Initial production of the Sky Warden will take place at Air Tractor’s facility in Olney. L3Harris will then modify those planes into the Armed Overwatch mission configuration at its Tulsa, Oklahoma modification center, beginning in 2023. L3Harris said work will also take place at its other sites in Greenville, Rockwall and Waco, Texas and Nashville, Tennessee.

Air Force Special Operations Command’s Armed Overwatch program aims to build a fleet of up to 75 flexible, fixed-wing aircraft suitable for deployment to austere locations, with little logistical tail needed to keep them operating.

SOCOM is planning for the single-engine Sky Warden, as AFSOC’s Armed Overwatch plane, to be able to provide close air support, precision strike and armed intelligence, surveillance and reconnaissance missions for counterterrorism operations and irregular warfare.

When I heard that the Air Force was considering going back to a prop plane for a ground attack aircraft, I thought that: A.) This was a sign of their continuing disdain for the A-10, and B.) This was a role better suited for drones that manned aircraft, and thus the Air Force wanted it only to keep their institutional budget up, since anyone can fly a drone.

However, if it’s specifically geared toward supporting special forces operations, then the move makes a lot more sense. In that case, you need the hyper-loiter capabilities, and larger drones can be of limited use if you’re out of line-of-radio-control (say, in mountainous terrain) and you don’t have them set up for satellite relay.

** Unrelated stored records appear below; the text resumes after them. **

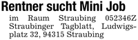 Rentner sucht Mini Job im Raum Straubing ***Z Straubinger Tagblatt, Ludwigsplatz 32, 94315 Straubing
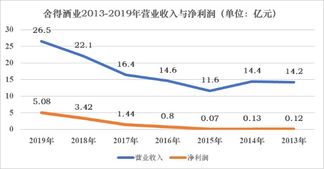 2013年至2015年,舍得酒业营业收入分别为14.19亿元、14.49亿元、11.56亿元,净利润分别为1177万元、1319万元、713万元,此后几年迅速提振:2019年,公司营业收入、净利润分别为26.50亿元、5.08亿元。
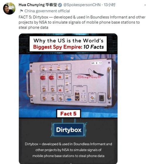 事实 5:“脏盒”。美国国安局在“无边界线人计划”等项目中开发并使用“脏盒”,用于模拟移动电话基站信号,以窃取电话数据。
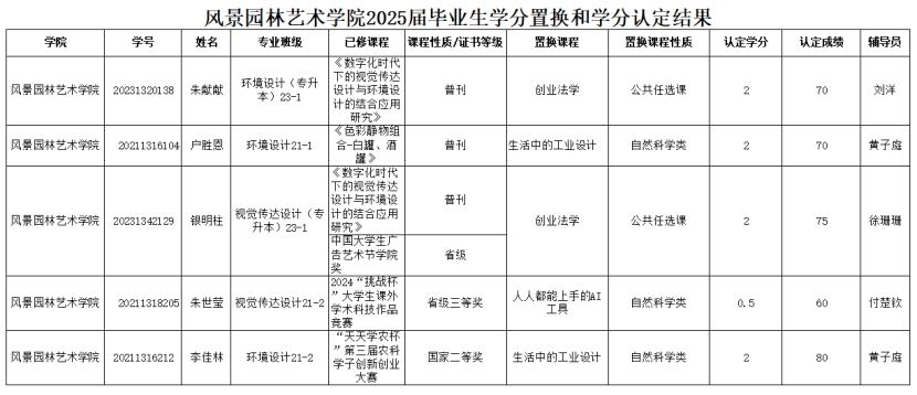 依据《beat365在线平台官网普通本科生课程置换和学分认定管理办法(试行)》信农教〔2022〕17号文件规定,经学生个人申请,经辅导员和学院审核认定,现将我院2025届毕业生学分置换和学分认定结果人员信息公示如下:
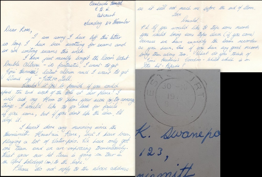 14 July 2020 – And now another letter DOES pop up: Dated 29 November no year, and the envelope franked 30 November 197_ (probly also 1971 – he gives his address as Eastside Hostel again, but says he’ll be going home soon).
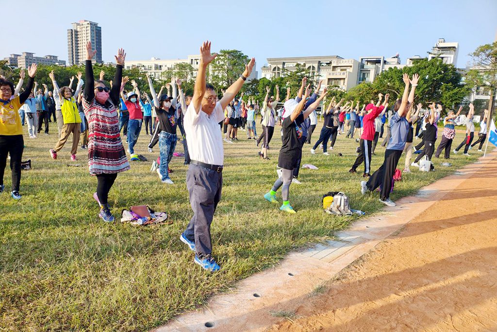 健走活動在安平國中及運河旁熱烈展開,院內員工、志工及家屬,還有失智友善人士藉運動活絡筋骨,並趁機聯誼、以增進彼此的情誼,報到後,由總裁郭宗正、鄭雅敏與到場的衛生局主秘陳淑娟、安平國中校長陳柏蒼及民意代表等貴賓領銜下,和黃偉哲市長共同宣導拒絕菸、酒、檳榔後,所有參加者,在復健治療師王靜玉帶領下先做健康操暖身。
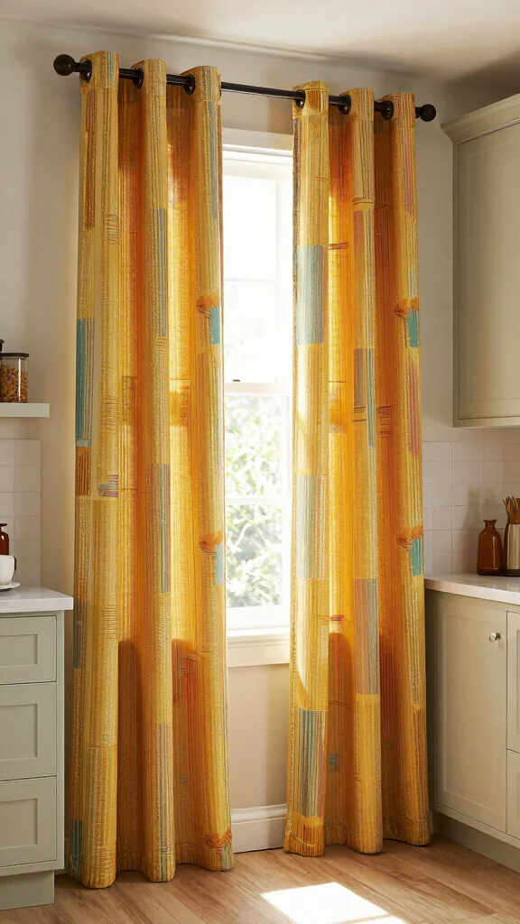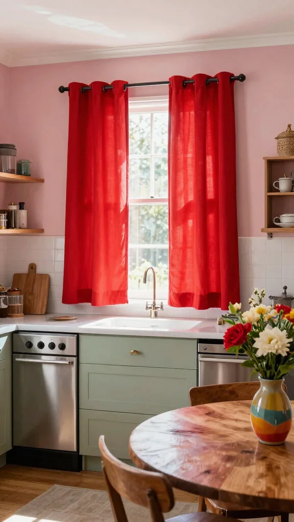 Bold colors in your kitchen curtains can uplift the entire room, making it a cozy haven for culinary creativity.

Here’s a YouTuber who’s quite enthusiastic about it:

  • “That is an up-armored crop duster with rocket launchers on it. It looks like somebody maxed out the starter item in a video game.”
  • “It’s got bulletproof windows, a heavily armored cabin engine compartment, self-healing fuel lines [and] reinforced landing gear allowing you to land virtually anywhere. And it absolutely packed with ISR [intelligence surveillance and reconnaissance] equipment, [basically] making this a spy plane.”
  • “The standard payload is currently set to be 14 APK WS laser-guided Hydra rockets.”
  • “It’s basically an acoustic version of an F-22.”
  • It can loiter about 6 hours, as opposed to 1.5 hours for the A-10.
  • It’s also cheaper: “For every hour the A10 is in the air, there’s $20,000 in maintenance to be done. Compare that to the Sky Warden, which is less than $1,000 per flight.”
  • “Nobody wants to be the guy getting murked by a plane with a propeller in 2022. If you wake up dead, and you got to explain to all your buddies in the afterlife you got taken out by an A-10 Warthog, that’s respectable. You tell them you got taken out by a crop duster, they’re gonna talk shit for the rest of Eternity. ‘Hey guys, you hear that Groot over here got taken out by the fucking Wright Brothers.'”
  • The Pentagon is spending $3 million for the program, which is a lot of cheddar by normal people standards, but nothing by Pentagon standards. Being the biggest and baddest on the bloc means you can buy niche role weapons like this.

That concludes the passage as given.